In one embodiment, the monomers have a solubility in water of more than 1 wt %. In one embodiment, the monomers have a solubility in water of more than 5 wt %. In one embodiment, the monomers have a solubility in water of more than 15 wt %. Examples of such monomers include, but are not limited to, EBPADMA-n (where n is greater than 20), ethoxylated trimethylolpropane tri(meth)acrylate, polyethyleneglycol di-(meth)acrylate, multifunctional aliphatic urethane (meth)acrylate, N,N-diethyl(meth)acrylamide and (3-Acrylamidopropyl)trimethylammonium chloride.
In one embodiment, the concentration of ethylenically unsaturated monomer(s) in the total composition ranges from about 0.05% by weight to about 80% by weight inclusive.
Component (b) is a photo polymerization initiator, also referred to as a photoinitiator, that initiates polymerization of the composition.
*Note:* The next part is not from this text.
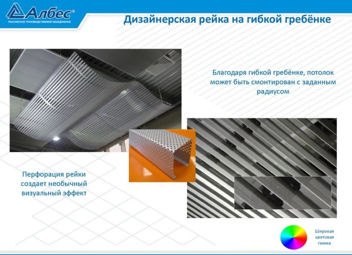 Албес – стелажни системи, изработени от тесни стоманени и алуминиеви панели, покрити с полимерен слой. Проектиран за довършване на кухни, коридори и бани, подходящ за довършване на тавани в помещения с висока влажност. Те се отличават с хигиена, разнообразие от цветове и издръжливост.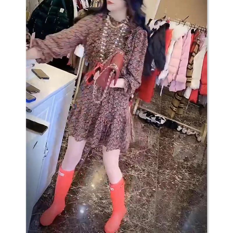 88228 Big Aimei Yiyuan 2023 Primavera y Verano Nuevo Vestido Floral de Largo Medio Vestido Ajustado de Moda

In one embodiment, a dental curing light capable of generating ultraviolet (UV) and/or visible light is used. In one embodiment, the concentration of the initiator in the total composition ranges from about 0.001% by weight to about 5% by weight inclusive.
In one embodiment, the photoinitiator is a photosensitizer and a reducing agent. Photo-initiators/sensitizers include, but are not limited to, camphorquinone (CQ), phenathrenequinone, 4,4′-bis(dimethylamino)benzophenone, and/or 4,4′-bis(diethylamino)benzophenone. CQ absorbs both ultraviolet light and visible light. Amines, including but not limited to tertiary amines, can be used as reducing agents for CQ to co-initiate free radical polymerization. Examples of tertiary amines include, but are not limited to, ethyl-4-(N,N-dimethylamino) benzoate (EDMAB), 2-ethylhexyl-4-(N,N-dimethylamino) benzoate (ODMAB), 4-dimethylamino-benzophenone (DMABP), p-dimethylamino benzoic acid (DMABA), p-(dimetnylamino) benzonitrile (DMABCN), p-(dimetnylamino) benzaldehyde, 4′-morpholino-acetophenone, 4′-morpholino-benzophenone, p-(dimethylamino) acetophenone, 4,4′-bis(dimethylamino)-benzophenone, 4,4′-bis(diethylamino) benzophenone, and/or dimethylaniline. In one embodiment, the tertiary amines EDMAB, ODMAB, DMABP, DMABA and/or DMABCN are used. Other reducing agents for CQ include, but are not limited to, chemical compounds with urethane and benzhydyl groups.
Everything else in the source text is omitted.